• _HOW TO COMPLETE THIS TASK_: Search the entries for the word "binnenring". Copy every line that holds it.

• _ENTRIES PROVIDED_:
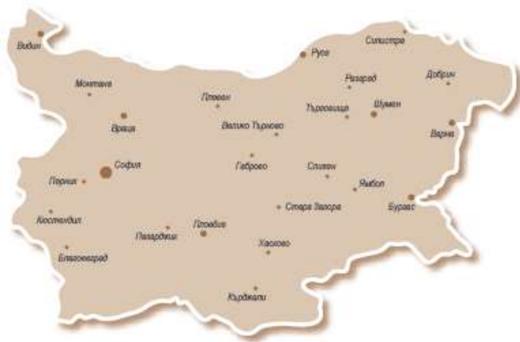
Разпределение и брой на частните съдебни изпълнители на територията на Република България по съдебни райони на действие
...
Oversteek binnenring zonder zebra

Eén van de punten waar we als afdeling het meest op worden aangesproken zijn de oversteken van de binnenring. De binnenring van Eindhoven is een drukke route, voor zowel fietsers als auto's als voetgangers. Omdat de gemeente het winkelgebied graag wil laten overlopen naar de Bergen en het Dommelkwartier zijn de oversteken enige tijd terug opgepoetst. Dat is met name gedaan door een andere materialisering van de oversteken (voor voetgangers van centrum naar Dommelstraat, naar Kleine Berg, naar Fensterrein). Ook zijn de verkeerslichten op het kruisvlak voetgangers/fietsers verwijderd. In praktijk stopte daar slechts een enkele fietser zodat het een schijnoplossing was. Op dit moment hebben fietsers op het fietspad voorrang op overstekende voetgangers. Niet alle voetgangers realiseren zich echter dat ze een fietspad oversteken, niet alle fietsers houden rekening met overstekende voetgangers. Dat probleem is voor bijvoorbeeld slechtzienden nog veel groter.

• _WRITTEN ANSWER_:
Oversteek binnenring zonder zebra
Eén van de punten waar we als afdeling het meest op worden aangesproken zijn de oversteken van de binnenring. De binnenring van Eindhoven is een drukke route, voor zowel fietsers als auto's als voetgangers. Omdat de gemeente het winkelgebied graag wil laten overlopen naar de Bergen en het Dommelkwartier zijn de oversteken enige tijd terug opgepoetst. Dat is met name gedaan door een andere materialisering van de oversteken (voor voetgangers van centrum naar Dommelstraat, naar Kleine Berg, naar Fensterrein). Ook zijn de verkeerslichten op het kruisvlak voetgangers/fietsers verwijderd. In praktijk stopte daar slechts een enkele fietser zodat het een schijnoplossing was. Op dit moment hebben fietsers op het fietspad voorrang op overstekende voetgangers. Niet alle voetgangers realiseren zich echter dat ze een fietspad oversteken, niet alle fietsers houden rekening met overstekende voetgangers. Dat probleem is voor bijvoorbeeld slechtzienden nog veel groter.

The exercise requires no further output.